Brands have to understand that the majority of the world’s population resides in developing nations, not developed or underdeveloped ones. India and China are the most populated countries in the world. Hence, with a growing population, these brands offer companies major opportunities for growth and success. Along with opportunities, brands will be facing major adaptation challenges as well. Brands have to adjust their pricing, promotional strategies, products, and distribution channels according to the customers and their needs.

Companies cannot and should not ignore these markets, as Nestle has more than 1 billion consumers in the merging market and 40% of the sales are derived from emerging countries. HUL’s 50% of the sales are derived from developing nations like BRICS (Brazil, Russia, China, India, and South Africa); Kraft has 30% of its sales derived from developing nations; and others. Businesses have adjusted themselves to position themselves in the BRICS market, and some of the examples could be −

McDonald’s − The brand is discussed here again. When McDonald’s entered the Indian market, it understood that customers were price sensitive and did not believe in wasting food; they wanted a value meal, so the size of all its fast food was reduced to better serve them.
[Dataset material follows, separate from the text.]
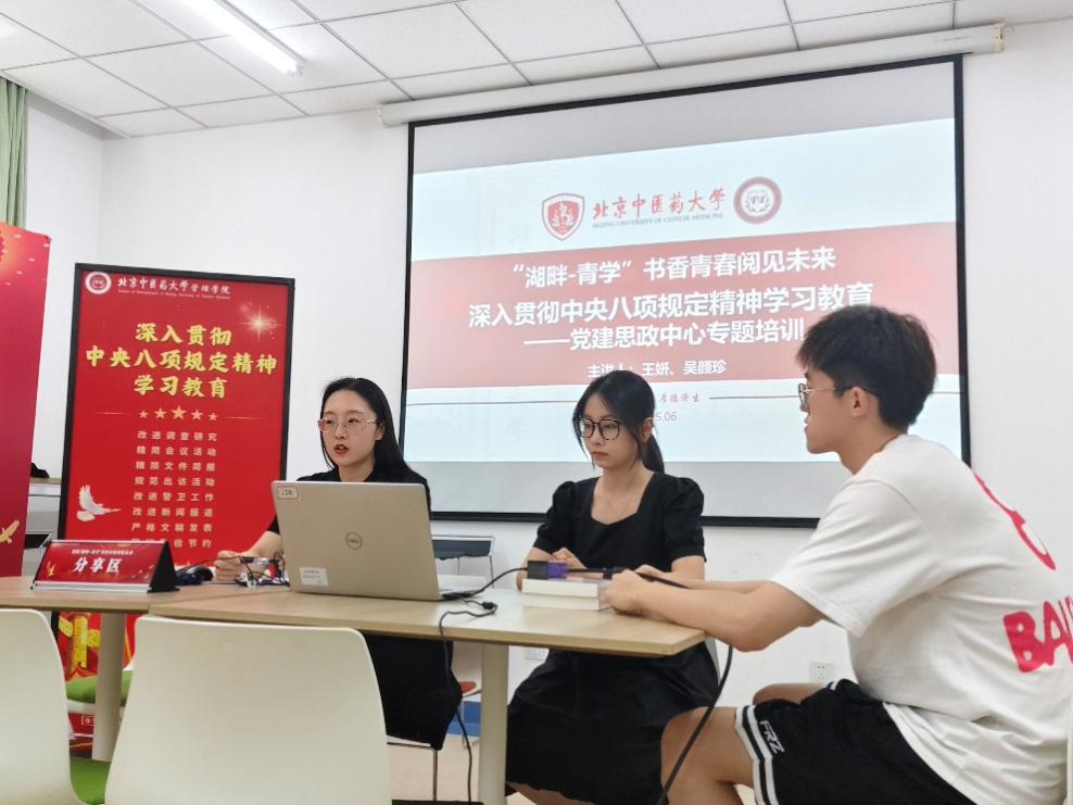 6月6日,支部邀请学院党委副书记周磊为支部全体党员、发展对象讲授《学习中央八项规定精神之党团建设》专题党课。在周磊书记的指导下,一支部强化政治引领,打造以党建带团建的学习模式。6月23日,支部书记王妍、支委吴颜珍在澳门十大信誉网赌大全“湖畔·青学”阅读室,进行《深入贯彻中央八项规定精神学习教育---党建思政中心专题培训》。6月25日,支部副书记范明惠、支委邓杰文为支部全体党员讲授《学习习总书记关于加强党的作风建设的重要论述》主题党课。6月26日,支部书记王妍为一支部全体党员讲授《以中央八项规定精神为纲,筑牢作风建设根基》专题党课。通过分层分类授课,突出抓好学生党员、学生干部学习教育并辐射广大学生,推动中央八项规定精神在学生群体中落地生根。

Hindustan Unilever Limited (HUL) − The company understood that, though it has very strong distribution channels, not all of its customers are willing or able to afford those big boxes of shampoo, oil, and conditioner. Hence, the companies came up with the sachet system of packaging, which does not burn a hole in the purchaser’s pocket during purchase.

Companies should be entering international markets. There are a lot of opportunities in these markets for the company. The countries and their customers will also embrace the brand, but for that to happen, companies also have to understand their customers, their thinking process, their behavioral patterns, their beliefs, and their culture. It is a two-way road, and they must meet both ways.

Today, we see cold drinks like Thumsup, Fanta, Sprite, Limca, and Pepsi available in every nook and cranny of India, but for that, they understood their customers and adapted themselves. Most Indians today believe that HUL is a brand that originated in India, but this is not the case. Expansion is powerful, and companies should invest in the same.